Gotham started out as a raw, boring, and unfocused show. We have the death of Bruce Wayne's parents and the germ of his literal growing pains on display. Then there's Jim Gordon, the core focus of Gotham, presented under the guise of a procedural cop drama, solving fanservice cases with his no-nonsense partner. And the subplot involving turf wars? It was only digestible thanks to the profound talent of Robin Lord Taylor as The Penguin (who is still easily one of the best parts of the show).
Gotham was, quite frankly, all over the place until somewhere into season two, when the show embraced its characters, started to connect them, and let the actors run wild with the personas they had crafted over the course of that previous year. Even throwaway characters like Barbara Kean scrapped and fought for a rightful place on the show. Each year it doubles down on its insanity, and it's been paying off in a big way.
To sort of sum up my thoughts on Gotham thus far: at one point, and this is a spoiler for previous seasons, once I witnessed that Gotham was just going to have a child Bruce Wayne train with the League of Assassins, which was also connected to the Court of Owls -- I realized anything goes in this universe. The writing crew, anchored by John Stephens' opener, goes for broke in season four with more out-there storylines that work in their own, unique, Gotham-ey way.

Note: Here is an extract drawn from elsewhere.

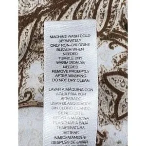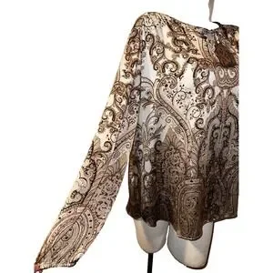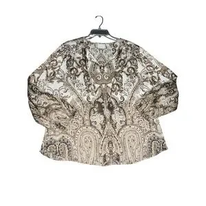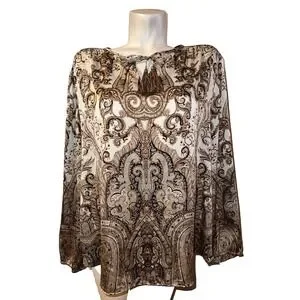 Chicos Women Brown Cream Paisley Tassel Tie Split Neck Blouse Top Size (3) XL

The huge arcs for this season of Gotham involve Professor Pyg's live-action debut, more Ra's al Ghul/League of Assassins drama, Penguin's ongoing war with the Falcone family, and more Joker. You might notice a recurring theme on "more," and that partially plays into the concept of doubling down. The latter is really the focus though, and why not in the penultimate season? Batman adaptations usually fall back on The Joker, but this time, because of the way Gotham strays from the source material, it works to the show's benefit.
While the first few seasons were content with giving us plotlines that went nowhere or were thrown for a loop after actors exited the project, now we're getting to the point where the writers finish what they started. The Joker's true identity has been something that's been teased before the program even debuted, and now the arc has been fully completed into what is probably the most engrossing storyline, capped by an inspired double-duty performance by Cameron Monaghan.
The Gotham showrunners actually did it -- they adapted The Killing Joke. Even just bringing in elements of the always-controversial classic, even more so due to the latest DC animated adaptation's alterations, has the potential to misfire; but they mostly trod lightly here. In turn, this Joker feels like his own man, free from the shackles of tradition while still paying homage to various bits of Batman history, most notably the visage of Jack Nicholson.
It's interesting how, like the Nolan films, the crew takes bits and pieces of the Batman mythos while still forging their own story. It doesn't always work out, and at this point, Gotham, in turn, is even taking things from Nolan, but it's just deviant enough to keep you guessing rather than say "oh, this is exactly like the comics, but worse" -- a sentiment that used to apply to Gotham in spades.
The final episode, in typical Gotham fashion, gives us several gory deaths and plenty of teases. No less than three major new villains are showcased in rapid-fire fashion in a season-closing vignette. It has me worried that the stage will be too crowded, especially given that there are only 13 episodes left until the show is done and Bruce allegedly makes his full transformation into the Dark Knight. For now though the arcs have mostly been focused, shying away from the hyperactive machinegun plots the writers previously shoved in our faces.
This season of Gotham has had a monumental impact on the series with an actual endgame, and the showrunners are getting one more year to end the story on their own terms. Despite the ups and downs several arcs have given us, it seems as if Gotham is going to be complete, and that the creators at least had some idea of where they wanted to go with it for once.